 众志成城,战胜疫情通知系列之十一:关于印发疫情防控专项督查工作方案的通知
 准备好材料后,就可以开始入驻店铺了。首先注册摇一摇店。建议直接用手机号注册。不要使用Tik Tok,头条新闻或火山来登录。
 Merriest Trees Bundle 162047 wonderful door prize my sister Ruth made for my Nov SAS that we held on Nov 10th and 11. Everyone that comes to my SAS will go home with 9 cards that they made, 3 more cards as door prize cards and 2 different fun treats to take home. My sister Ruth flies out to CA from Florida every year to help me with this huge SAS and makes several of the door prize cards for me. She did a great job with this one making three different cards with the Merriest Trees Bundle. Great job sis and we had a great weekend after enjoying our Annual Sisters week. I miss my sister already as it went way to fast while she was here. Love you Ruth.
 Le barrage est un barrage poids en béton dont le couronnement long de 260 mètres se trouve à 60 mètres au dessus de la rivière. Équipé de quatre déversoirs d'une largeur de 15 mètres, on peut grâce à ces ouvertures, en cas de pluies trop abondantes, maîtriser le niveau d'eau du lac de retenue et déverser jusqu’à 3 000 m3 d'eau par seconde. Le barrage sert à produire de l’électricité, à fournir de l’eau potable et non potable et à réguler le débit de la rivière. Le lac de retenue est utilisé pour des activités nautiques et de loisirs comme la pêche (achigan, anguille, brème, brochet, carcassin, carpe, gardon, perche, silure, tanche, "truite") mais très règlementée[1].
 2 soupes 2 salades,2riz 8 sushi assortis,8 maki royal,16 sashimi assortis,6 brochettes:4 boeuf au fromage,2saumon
▬▬▬
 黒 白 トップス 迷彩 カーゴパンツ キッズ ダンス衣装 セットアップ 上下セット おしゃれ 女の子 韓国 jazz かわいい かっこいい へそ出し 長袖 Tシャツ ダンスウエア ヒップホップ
▬▬▬
• [Goal of the exercise] Every line above from the line with "Merriest Trees Bundle 162047" to the line with "2 soupes 2 salades,2riz", both included, must be reproduced exactly, and no other line may appear.

• [The answer]
 Merriest Trees Bundle 162047 wonderful door prize my sister Ruth made for my Nov SAS that we held on Nov 10th and 11. Everyone that comes to my SAS will go home with 9 cards that they made, 3 more cards as door prize cards and 2 different fun treats to take home. My sister Ruth flies out to CA from Florida every year to help me with this huge SAS and makes several of the door prize cards for me. She did a great job with this one making three different cards with the Merriest Trees Bundle. Great job sis and we had a great weekend after enjoying our Annual Sisters week. I miss my sister already as it went way to fast while she was here. Love you Ruth.
 Le barrage est un barrage poids en béton dont le couronnement long de 260 mètres se trouve à 60 mètres au dessus de la rivière. Équipé de quatre déversoirs d'une largeur de 15 mètres, on peut grâce à ces ouvertures, en cas de pluies trop abondantes, maîtriser le niveau d'eau du lac de retenue et déverser jusqu’à 3 000 m3 d'eau par seconde. Le barrage sert à produire de l’électricité, à fournir de l’eau potable et non potable et à réguler le débit de la rivière. Le lac de retenue est utilisé pour des activités nautiques et de loisirs comme la pêche (achigan, anguille, brème, brochet, carcassin, carpe, gardon, perche, silure, tanche, "truite") mais très règlementée[1].
 2 soupes 2 salades,2riz 8 sushi assortis,8 maki royal,16 sashimi assortis,6 brochettes:4 boeuf au fromage,2saumon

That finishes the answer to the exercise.